In the realm of inventory prediction using Transformer-like networks, temporal dependencies are predominantly established through the encoder-decoder structure and the self-attention mechanism. However, Transformers often lack sensitivity to non-linear temporal data, rendering them susceptible to anomalies and distribution shifts, thus diminishing prediction stability. Autoformer on the contrary, decomposes sequences into trend and period components through a deep decomposition architecture. It iteratively decomposes sequences and refines prediction results, aiming for progressive decomposition to maintain stability. Nonetheless, Autoformer heavily relies on the series' periodicity, which might not align well with the unpredictable nature of stock data, where series periodicity can be unstable. This dependency on periodicity could lead Autoformer's autocorrelation mechanism to misguide predictions. Fedformer utilizing Fourier transformation, converts time domain series into frequency domain series. Subsequently, it conducts random sampling and attention computations in the frequency domain to enhance computational efficiency and robustness. However, operations involving frequency domain sampling and complementation in Fedformer might lead to information loss or noise introduction, potentially impacting prediction accuracy.

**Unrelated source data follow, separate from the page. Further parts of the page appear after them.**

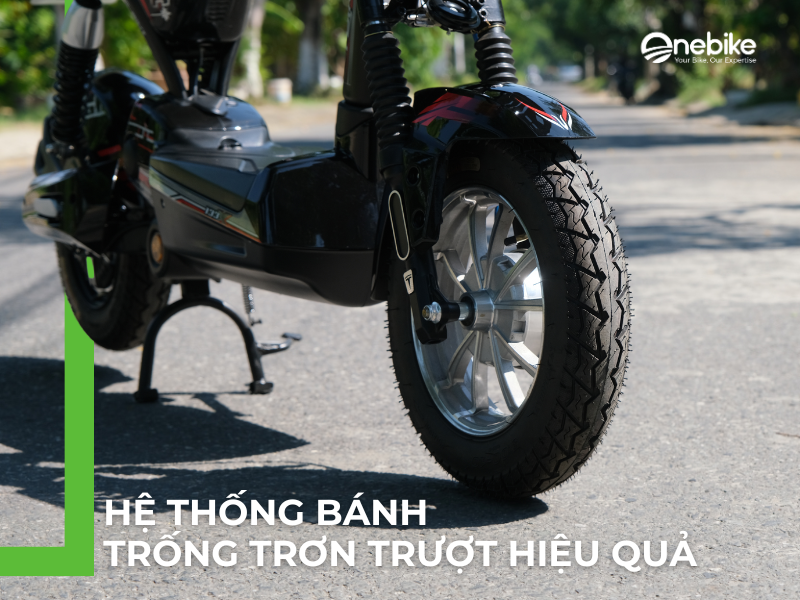 Hệ thống bánh xe tiên tiến nhiều rãnh sâu, gai nhỏ chống trơn trượt hiệu quả, đám bảo an toàn trong điều kiện đường xấu.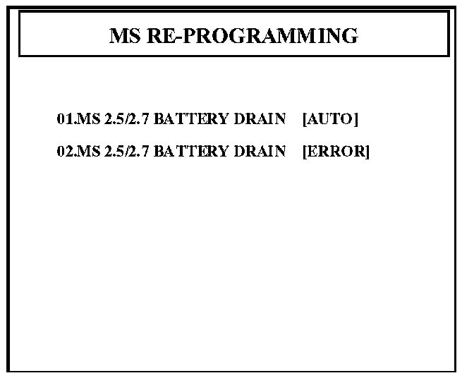 3. Select "02. MS 2.5/2.7 BATTERY DRAIN [ERROR]" and press the "ENTER" key.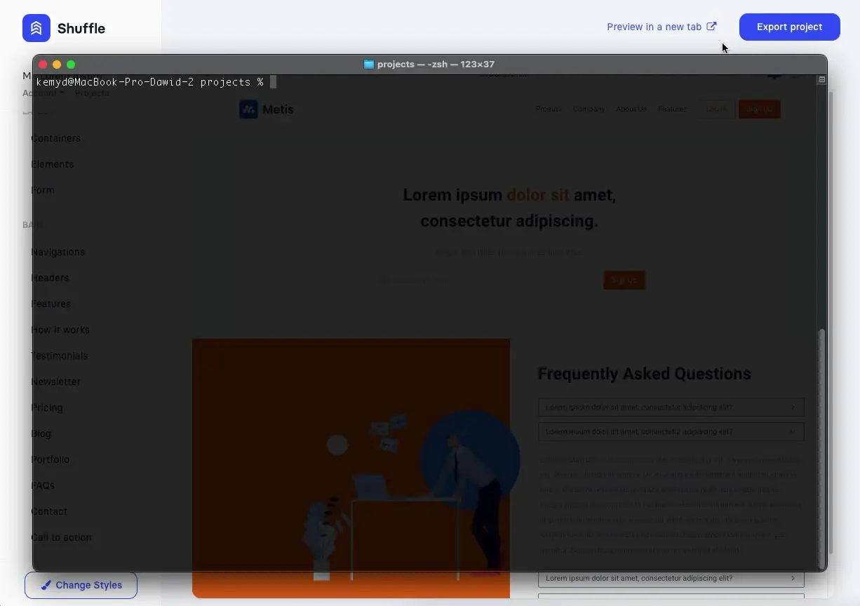 Access the Shuffle Editor, UI Library Creator, AI Assistant, Alternatives, Components Gallery, and create templates in the most convenient method for you.

Within the LSTM architecture applied to stock forecasting, long-term dependencies within the time series are primarily captured using Long Short-Term Memory cells (LSTM cells), instrumental in storing and updating time series information. CEEMD-CNN-LSTM adopts the CEEMD method to decompose input stock series data into a set of Intrinsic Mode Functions (IMFs) and a residual phase. These are then channeled into CNN for feature extraction and dimensionality reduction, capturing comprehensive global features embedded in the stock sequence. Throughout the prediction process, the selection of CEEMD parameters and the number of IMFs exert substantial influence. These selections vary across datasets, impacting the quality of decomposition and subsequently affecting prediction performance.

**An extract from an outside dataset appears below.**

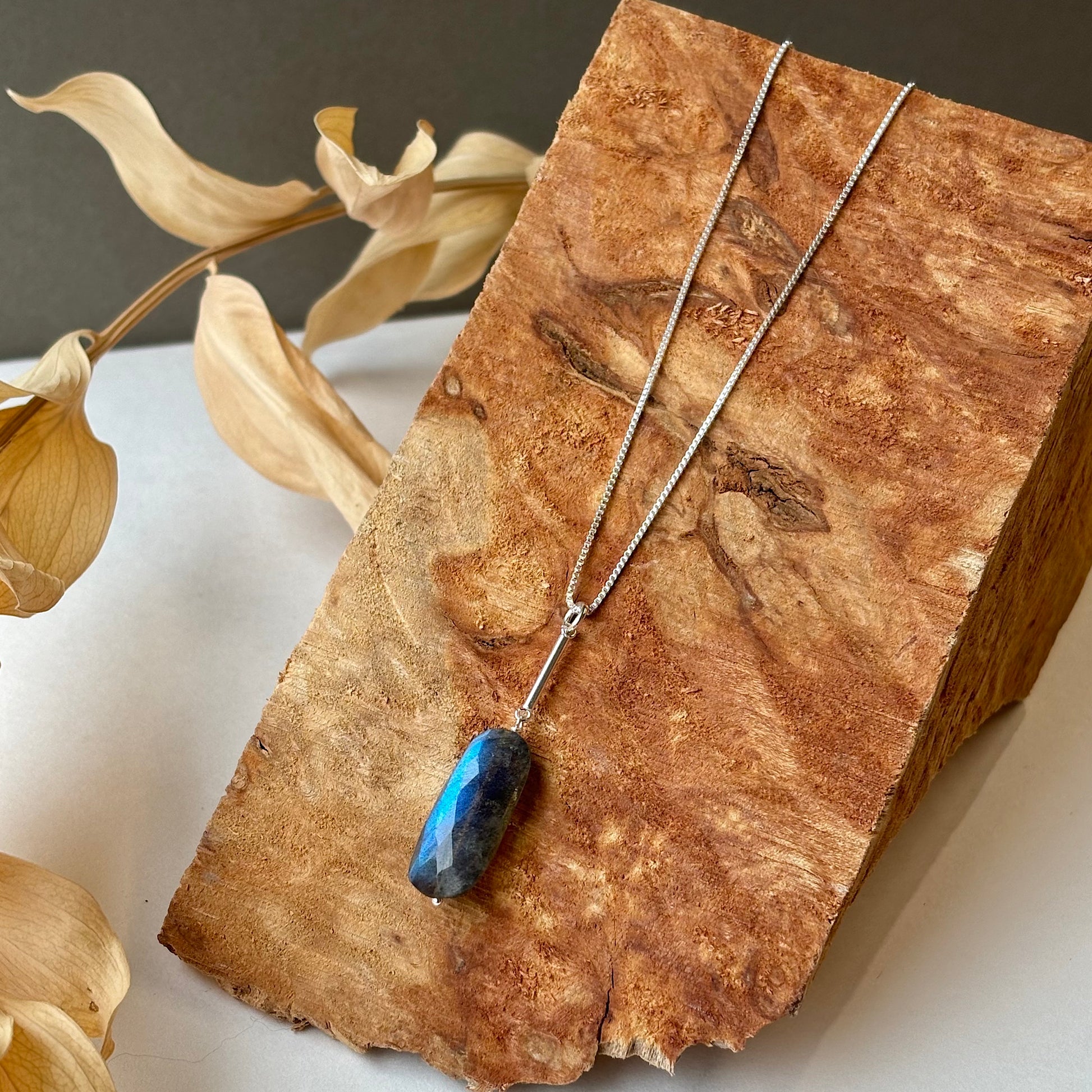 Facet cut labradorite pendant with sterling silver rod on a sterling silver box link chain with a sterling silver trigger clasp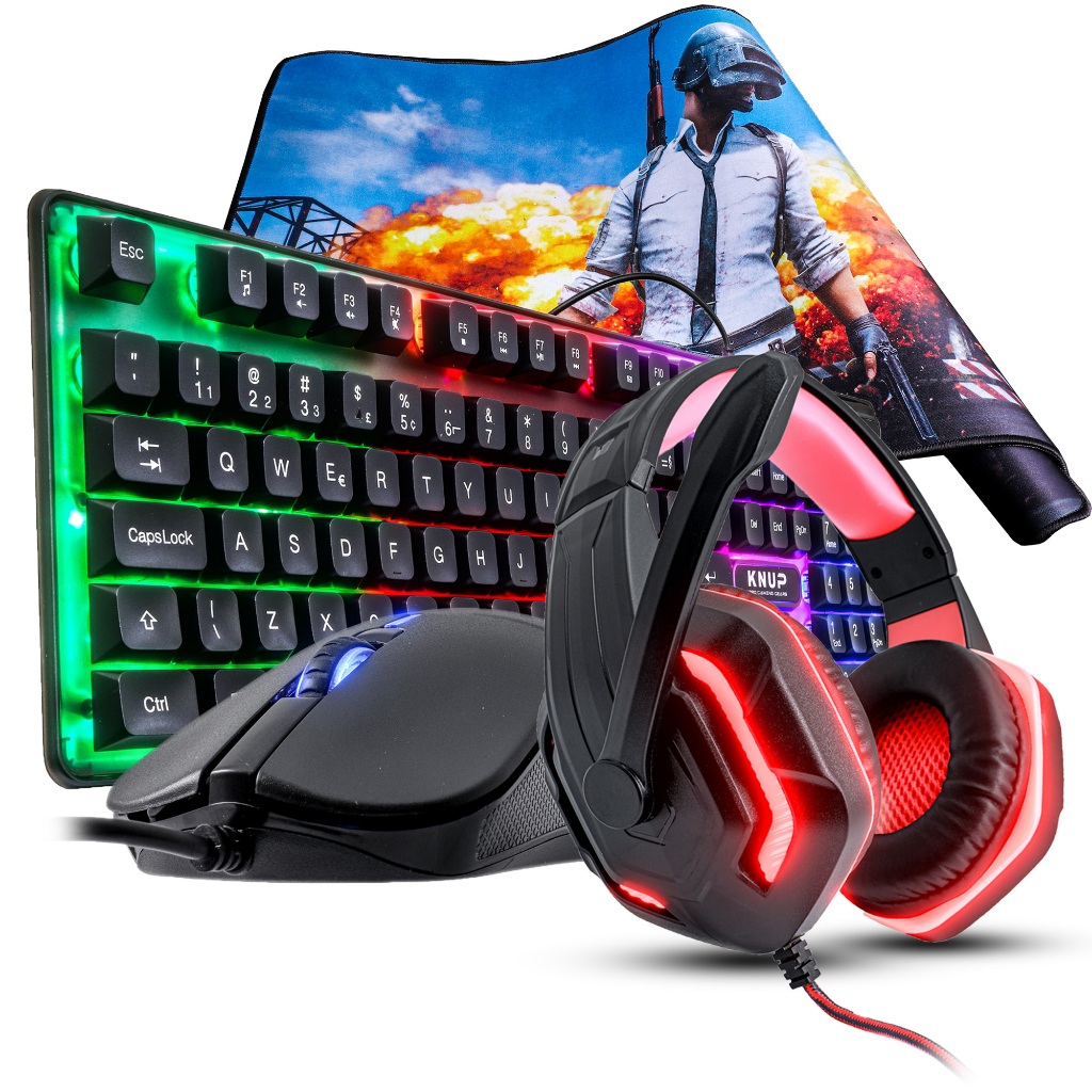 Kit Teclado E Mouse Fone Gamer Headset Mousepad Com Luzes RGB Conexão USB Completo Jogos Pc Notebook

Generalization experiment of the model
The fundamental objective of stock prediction models is to assist investors in decision-making. Therefore, the practicality and credibility of these models are paramount. Generalization experiments play a crucial role in verifying the adaptability of the model to diverse industry characteristics and data features. It assesses whether the model can discern hidden patterns and trends within the data, offering reliable and reasonable prediction results and ultimately enhancing the model's practicality and credibility. For the generalization experiments, we selected power transformer temperature data provided by the State Grid, spanning from January 1, 2016, to January 1, 2018, and another dataset covering December 1, 2015, to December 1, 2017. These experiments were conducted to further analyze the performance of PMANet. Comparative experiments and generalization experiments were executed alongside several classical and contemporary advanced target detection methods in the same test environment and prediction period. The details of the test data can be found in Table 8.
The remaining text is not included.